Prompt
Keeping every word the same, give again only the lines from the one with "湖人双子星的关系还非常好! 东契奇可以场均30分三双表现。 里夫斯上赛季就场均20分,本赛季再差也有25分再加8次助攻。" through the end of the data, both included, and leave every picture out.

Given data
══════
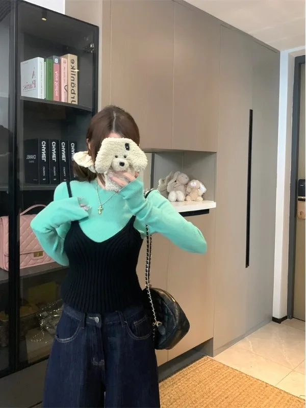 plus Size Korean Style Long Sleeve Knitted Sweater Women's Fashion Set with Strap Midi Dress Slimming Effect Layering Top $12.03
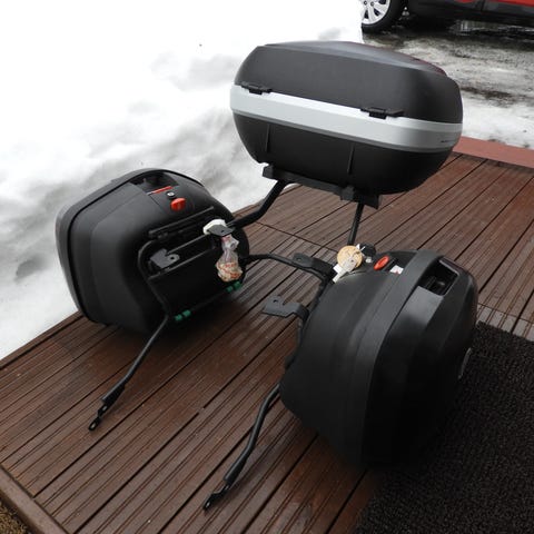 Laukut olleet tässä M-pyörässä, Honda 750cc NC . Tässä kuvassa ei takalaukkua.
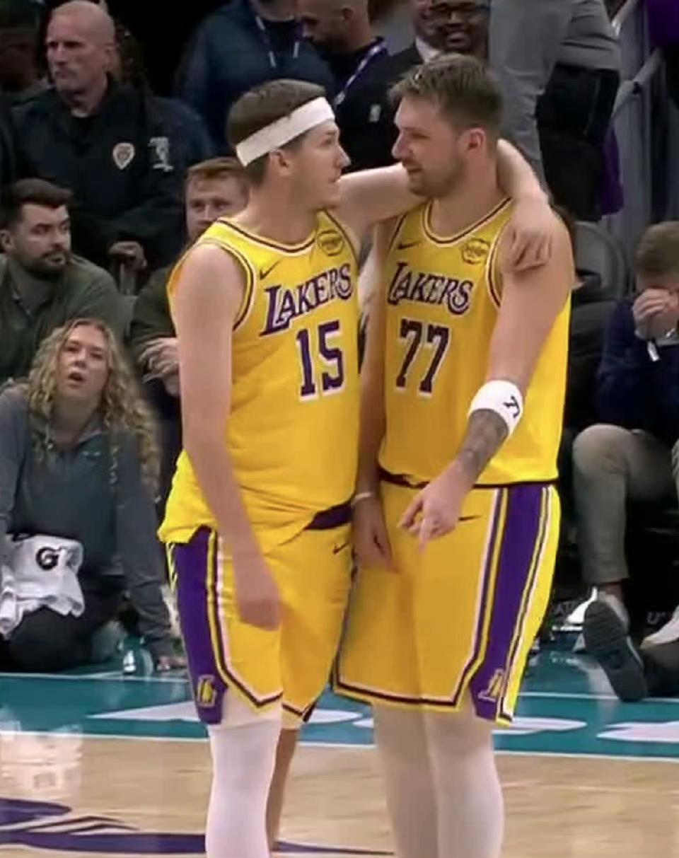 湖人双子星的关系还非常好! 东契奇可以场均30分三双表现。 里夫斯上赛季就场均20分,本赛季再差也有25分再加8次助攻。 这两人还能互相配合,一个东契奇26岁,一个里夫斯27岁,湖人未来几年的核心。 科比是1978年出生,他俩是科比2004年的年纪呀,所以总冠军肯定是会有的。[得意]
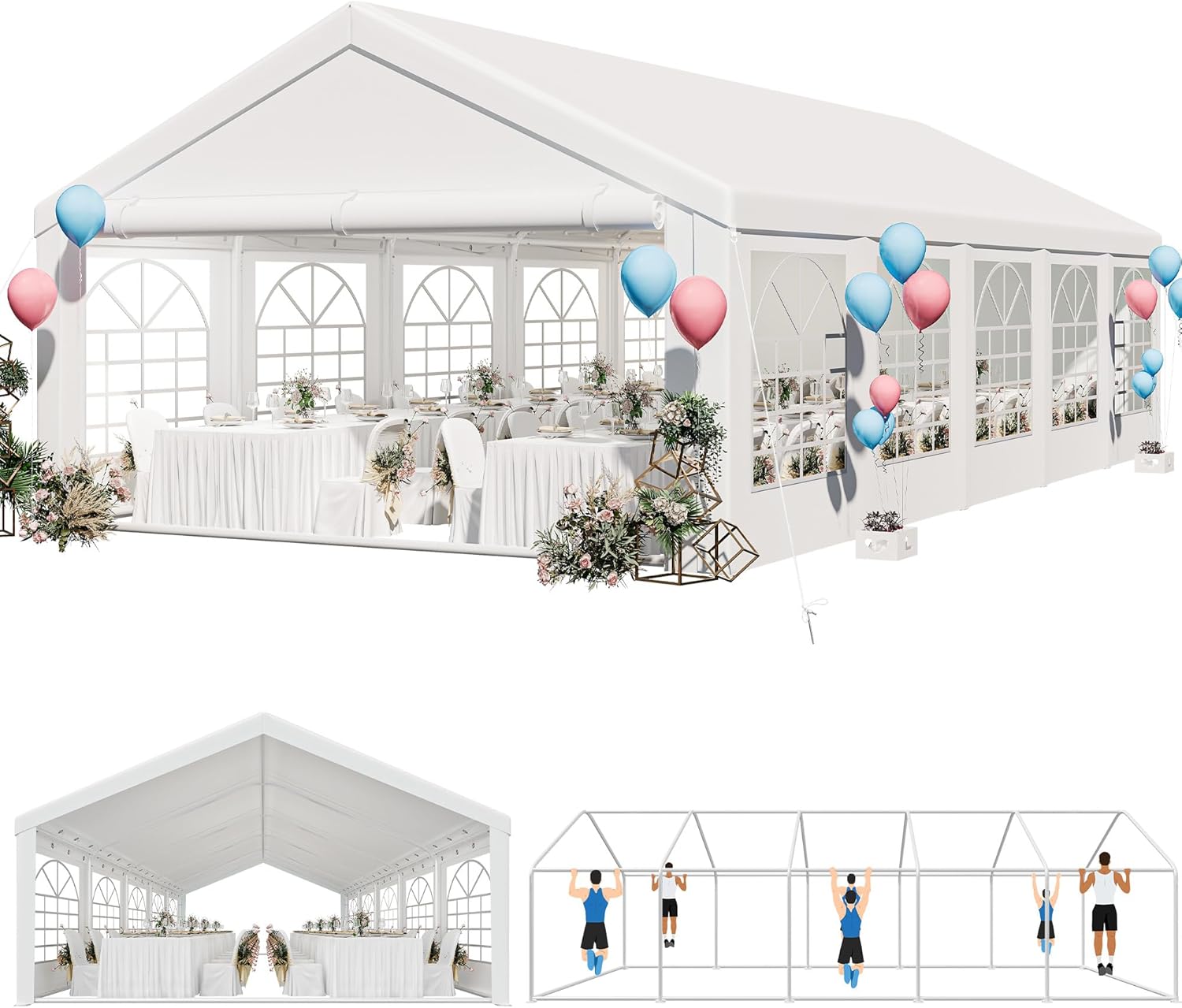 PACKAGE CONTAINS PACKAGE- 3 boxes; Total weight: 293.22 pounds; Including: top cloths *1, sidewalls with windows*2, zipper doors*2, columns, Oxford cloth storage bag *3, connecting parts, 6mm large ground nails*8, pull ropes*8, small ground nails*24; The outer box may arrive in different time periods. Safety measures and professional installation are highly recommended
══════
Answer section
 湖人双子星的关系还非常好! 东契奇可以场均30分三双表现。 里夫斯上赛季就场均20分,本赛季再差也有25分再加8次助攻。 这两人还能互相配合,一个东契奇26岁,一个里夫斯27岁,湖人未来几年的核心。 科比是1978年出生,他俩是科比2004年的年纪呀,所以总冠军肯定是会有的。[得意]
 PACKAGE CONTAINS PACKAGE- 3 boxes; Total weight: 293.22 pounds; Including: top cloths *1, sidewalls with windows*2, zipper doors*2, columns, Oxford cloth storage bag *3, connecting parts, 6mm large ground nails*8, pull ropes*8, small ground nails*24; The outer box may arrive in different time periods. Safety measures and professional installation are highly recommended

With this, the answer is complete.